Google Groups no longer supports new Usenet posts or subscriptions. Historical content remains viewable.

Dismiss

Measuring PDP-11 relative instruction times with GRUB

48 views

Skip to first unread message

paramucho

unread,

Jan 2, 2013, 9:08:10 AM1/2/13

Following up an earlier discussion I wrote a little holiday utility,
GRUB, to measure relative instruction times.
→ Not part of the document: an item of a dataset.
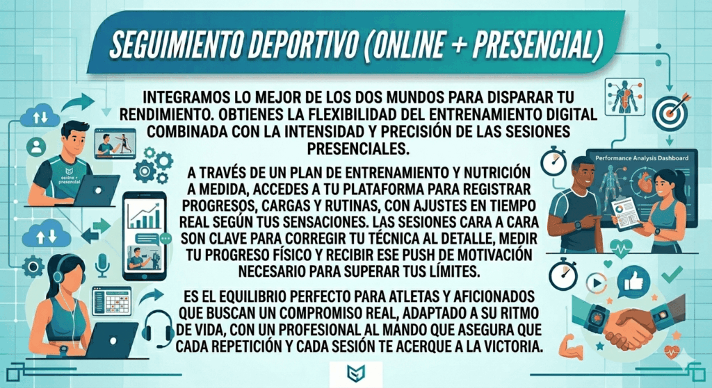 Nuestro servicio de Seguimiento Personal ofrece un sistema híbrido diseñado para maximizar tus resultados combinando la flexibilidad del asesoramiento online con la efectividad de las sesiones presenciales. A través de una planificación 100% a medida, tendrás acceso a una plataforma digital para gestionar tus progresos 24/7 y contacto directo para resolver dudas en tiempo real, sin renunciar al valor del trato humano y la corrección técnica que solo el encuentro físico puede dar. Es el equilibrio perfecto para quienes buscan un compromiso real, adaptado a su ritmo de vida y con el respaldo constante de un profesional que asegura que cada paso cuente.

This early set of results
already provides some interesting information.

Testing:

o Each operation was repeated for the duration of a clock tick.
o The twelve tests are run sequentially as a "test cycle".
o Ten test cycles are executed and displayed.
o Tests were performed on SimH, E11 and V11, mapped and unmapped.

Operation Legend:

<nop > <nop>
<clr > <clr r0>
<tst > <tst r0>
<inc > <inc r0>
<r,r > <mov r0,r0>
<r,( > <mov r0,(r1)>
<(,r > <mov (r1),r0>
<+,- > <mov (r1)+,-(r1)>
<r,a > <mov r0,e$mloc>
<a,r > <mov e$mloc,r0>
<a,a > <mov e$mloc,e$mloc>
<x,x > <mov @e$msrc(r0),@e$mdst(r0)>

The results below are from a quiet machine (my Windows 8 laptop).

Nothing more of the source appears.